الثلاثاء، 4 أغسطس 2020

ARM Co-Founder: Sale to Nvidia Would Be a Disaster

Over the past week or so, I’ve written several articles exploring the idea of an ARM sale to Nvidia and the long-term effects on the computer industry, as well as how Nvidia might ameliorate some of those concerns. According to one of ARM’x co-founders, Hermann Hauser, allowing Nvidia to buy ARM would be a disaster, as it would compromise the neutrality and ability ARM has to address the needs of multiple disparate companies and vendors.

I should note that there are new reports suggesting Nvidia might take a stake in ARM, with SoftBank still retaining a share as well. It’s not clear if these reports reflect the ongoing negotiations more accurately or if they are a response to concerns about Nvidia’s potential full ownership, but the idea of joint ownership between two or more entities has also been floated.

“It’s one of the fundamental assumptions of the ARM business model that it can sell to everybody,” Dr. Hauser told the BBC.

“The one saving grace about Softbank was that it wasn’t a chip company, and retained ARM’s neutrality.

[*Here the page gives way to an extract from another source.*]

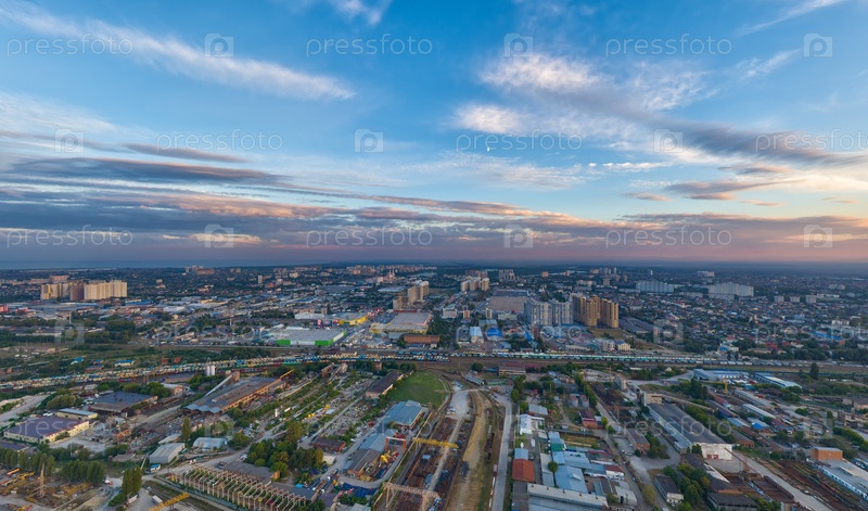 Краснодар, Россия. Панорама города летом. Закат. С высоты птичьего полета

If it becomes part of Nvidia, most of the licensees are competitors of Nvidia, and will of course then look for an alternative to ARM.”

Dr. Hauser opposed the sale of ARM to SoftBank in 2016 and noted he does not believe Nvidia would keep R&D focused in Cambridge if it bought the company. He argues that the UK government should help raise funds to bring ARM back to native ownership within the UK.

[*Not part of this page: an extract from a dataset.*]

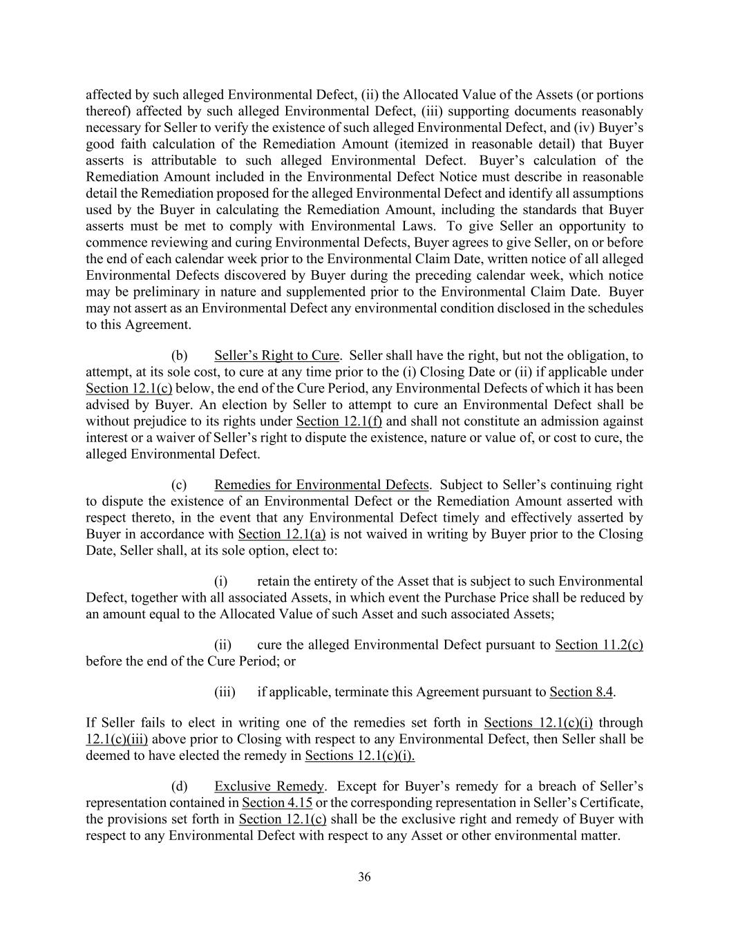 36 affected by such alleged Environmental Defect, (ii) the Allocated Value of the Assets (or portions thereof) affected by such alleged Environmental Defect, (iii) supporting documents reasonably necessary for Seller to verify the existence of such alleged Environmental Defect, and (iv) Buyer’s good faith calculation of the Remediation Amount (itemized in reasonable detail) that Buyer asserts is attributable to such alleged Environmental Defect. Buyer’s calculation of the Remediation Amount included in the Environmental Defect Notice must describe in reasonable detail the Remediation proposed for the alleged Environmental Defect and identify all assumptions used by the Buyer in calculating the Remediation Amount, including the standards that Buyer asserts must be met to comply with Environmental Laws. To give Seller an opportunity to commence reviewing and curing Environmental Defects, Buyer agrees to give Seller, on or before the end of each calendar week prior to the Environmental Claim Date, written notice of all alleged Environmental Defects discovered by Buyer during the preceding calendar week, which notice may be preliminary in nature and supplemented prior to the Environmental Claim Date. Buyer may not assert as an Environmental Defect any environmental condition disclosed in the schedules to this Agreement. (b) Seller’s Right to Cure. Seller shall have the right, but not the obligation, to attempt, at its sole cost, to cure at any time prior to the (i) Closing Date or (ii) if applicable under Section 12.1(c) below, the end of the Cure Period, any Environmental Defects of which it has been advised by Buyer. An election by Seller to attempt to cure an Environmental Defect shall be without prejudice to its rights under Section 12.1(f) and shall not constitute an admission against interest or a waiver of Seller’s right to dispute the existence, nature or value of, or cost to cure, the alleged Environmental Defect. (c) Remedies for Environmental Defects. Subject to Seller’s continuing right to dispute the existence of an Environmental Defect or the Remediation Amount asserted with respect thereto, in the event that any Environmental Defect timely and effectively asserted by Buyer in accordance with Section 12.1(a) is not waived in writing by Buyer prior to the Closing Date, Seller shall, at its sole option, elect to: (i) retain the entirety of the Asset that is subject to such Environmental Defect, together with all associated Assets, in which event the Purchase Price shall be reduced by an amount equal to the Allocated Value of such Asset and such associated Assets; (ii) cure the alleged Environmental Defect pursuant to Section 11.2(c) before the end of the Cure Period; or (iii) if applicable, terminate this Agreement pursuant to Section 8.4. If Seller fails to elect in writing one of the remedies set forth in Sections 12.1(c)(i) through 12.1(c)(iii) above prior to Closing with respect to any Environmental Defect, then Seller shall be deemed to have elected the remedy in Sections 12.1(c)(i). (d) Exclusive Remedy. Except for Buyer’s remedy for a breach of Seller’s representation contained in Section 4.15 or the corresponding representation in Seller’s Certificate, the provisions set forth in Section 12.1(c) shall be the exclusive right and remedy of Buyer with respect to any Environmental Defect with respect to any Asset or other environmental matter.

The first issue over competitive licensing is more relevant to our discussions than whether or not the UK should re-assert ownership over ARM for strategic or national prestige, so we’ll focus there. It’s true that Nvidia owning ARM could create tension with potential licensees. It’s also true that historically, Nvidia has preferred to develop and extend its own technology in-house rather than offering it up under broad and favorable licensing terms. But Nvidia has never attempted to buy a company like ARM, either, and regulators worldwide would undoubtedly require the company to agree to certain conditions as a requirement for buying the company in the first place.

While Dr. Hauser is concerned that Nvidia’s purchase would send rivals streaming to other archictures, it’s not clear what other architecture they could reasonably adopt. Android used to formally support MIPS, but the last builds linked on MIPS.com are for JellyBean (4.2.1). x86 CPUs haven’t been supported on Android since Intel withdrew from the market and AMD shows no signs of planning to enter it. RISC-V wouldn’t be problematic to support with four-year-old Android based on Dalvik, but multiple software authors online have attested to the difficulty of porting ART for a different ISA. The Android Runtime (ART) translates application bytecode into native instructions for runtime environment execution and would have to be rewritten for RISC-V instead of ARM. This is a substantial practical barrier to shifting the Android ecosystem to a different CPU family.

What all of this suggests is that any attempt by Nvidia to buy ARM is going to come with enough package to safeguard the rights of companies and the entire mobile ecosystem that depends on the CPU family. The degree to which this becomes a good thing or a bad one, in turn, depends on Nvidia’s willingness to commit to a licensing and business model that protects the global infrastructure that depends on ARM in the first place. While it’s true that Nvidia is going to be a competitor of some of the ARM licensees that emerge, at the moment, the CPUs and SoCs that NV is building are intended for the self-driving vehicle market and other fairly niche AI/ML tasks. Without more clarity on where and how Nvidia intends to compete if it buys ARM, it’s difficult to assess the risk to other firms. Right now, not much that Nvidia is building directly threatens the work Samsung, Qualcomm, or MediaTek are doing in mobile.